As you learn about the risks of HIV (and other blood borne viral infections), it's crucial that you put the information into context. Also understand that the level of teaching in the average school about HIV/STD risks tends to be extremely simplistic, without important nuance. As one common example, it is said that "contact with blood" is a risk. However, that does not mean any and all potential contact with other persons' blood. HIV is actually pretty hard to transmit:  large amounts of the virus (not just one, two, or a few viruses) need to come into contact with particular kinds of cells that, for the most part, are deep inside the body. The kind of day to day contact that all humans have with other persons' blood from time to time -- shaking hands with someone who has a fresh cut on a finger or recently popped a pimple, for example -- simply is not enough. In theory, this might happen, if infected blood comes into direct contact with someone else's recent, fresh, still bleeding wound. However, in the entire history of the known worldwide HIV/AIDS epidemic, with millions of infected people, there has never been a single case of someone infected by such non-intimate contact. Similarly, the household contacts of people with HIV never contact it themselves, even after 10-20 years of sharing toilets, eating utensils, towels etc -- and at times cleaning up their body fluids, like vomit or blood -- there are NO known cases of virus transmission (assuming, of course, the household contacts are not also sex partners or needle-sharing partners of the infected person).

Another fact that might interest you, and that probably was not stressed in the teaching you have had:  when an infected male has unprotected vaginal sex with a female partner, with deposit of HIV infected semen (with billions of viruses) directly inside her body, on average the risk of transmission is 1 chance in a thousand. That means it might take 3 years of daily vaginal sex before she catches it, and many regular sex partners of HIV infected people never become infected themselves. (They probably also didn't tell you that in your school health classes.) If it's only 1 in a thousand in those circumstances, what can the risk actually be with the sort of contact you have asked about.

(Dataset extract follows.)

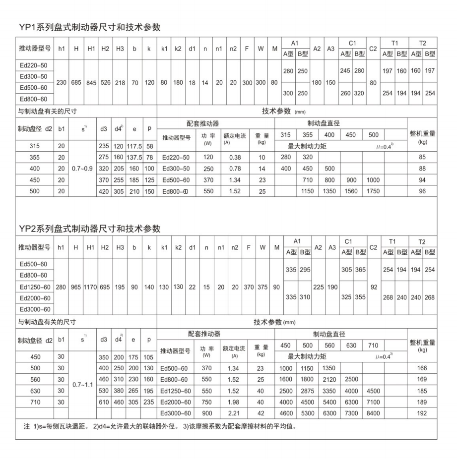 產品介紹:應用:YP1.YP2.YP3系列電力液壓盤式制動器是一種高性能、多功能的先進產品。由于其具有瓦塊退距自動均等,襯墊磨損自動補償等先進功能,使用過程中維護非常便捷。通過增設各種限位開關,可給主機PLC提供所需要的聯鎖保護信號。非常適合各種現代的大型裝卸機械、起重運輸機械、冶金設備、礦山設備及工程機械中各種機構的減速和維持(停車)制動。符合標準:電力液壓盤式制動器符合DIN15435標準和JB/T7020-2006標準。配套符合DIN15430標準的Ed系列推動器。主要特點:▲ 聯鎖退距均等裝置和瓦塊自動隨位裝置,使用過程中可始終保持兩側瓦塊退距均等且無需調整,完全避免制動襯墊浮貼制動盤的現象;▲ 要擺動鉸點均設有自潤滑軸承,使用過程中無需潤滑;傳動效率高,動作靈敏,制動器閉合(上閘)時間為0.25~0.4S;▲ 無級襯墊摩損自動補償裝置,可使瓦塊退距和制動力矩在使用過程中保持恒定,免去經常調整的麻煩;▲ 力矩可調內置式彈簧,設有力矩標尺;▲ 制動襯墊為插裝式,更換便捷。提供半金屬、粉末冶金等多種材質襯墊以適應不同工況;▲ 配套Ed系列電力液壓推動器產品,動作靈敏、使用壽命長;▲ 常閉式設計,(斷電)彈簧制動,(通電)推動器釋放。工作條件:◆ 海拔高度:<2000m;◆ 環境溫度:-20°C?+ 40°C;◆ 相對濕度:≤90%;◆ 工作制:間歇性(S3-60%)和連續(S1);◆ 電源電壓:三相交流,AC380 50Hz (其他電源等級可按需要定制);◆ 有特殊要求時在訂貨時協商確定。基本參數:● 產品型號:YP1、YP2、YP3● 適用盤徑:315~500mm● 制動力矩:280~20000Nm
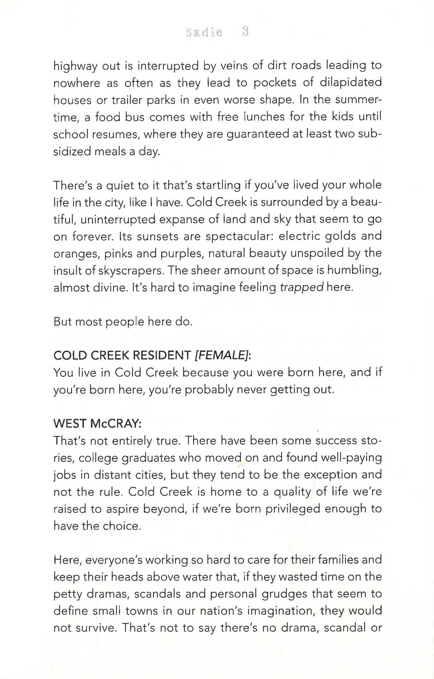When popular radio personality West McCray receives a desperate phone call from a stranger imploring him to find nineteen-year-old runaway Sadie Hunter, he’s not convinced there’s a story there; girls go missing all the time. But when it’s revealed that Sadie fled home after the brutal murder of her little sister, Mattie, West travels to the small town of Cold Creek, Colorado, to uncover what happened.

So the kind of contact you describe is definitely no risk at all, and for sure you do not need HIV testing on account of such an event. Without exaggeration, here is ALL you need to do to stay free of HIV for your entire life:  do not have unprotected vaginal or anal sex with a new partner or someone of uncertain HIV status without using a condom. (Even oral sex is pretty much entirely safe for HIV, although not for other STDs.) And do not share drug injection equipment with anyone else. If you have unavoidable contact with large amounts of another person's blood (e.g., helping out at a recent auto accident), try to minimize blood contact and wash your hands afterward. That's all. There is absolutely no reason to be concerned about, or take precautions against, any other kind of contacts with other persons.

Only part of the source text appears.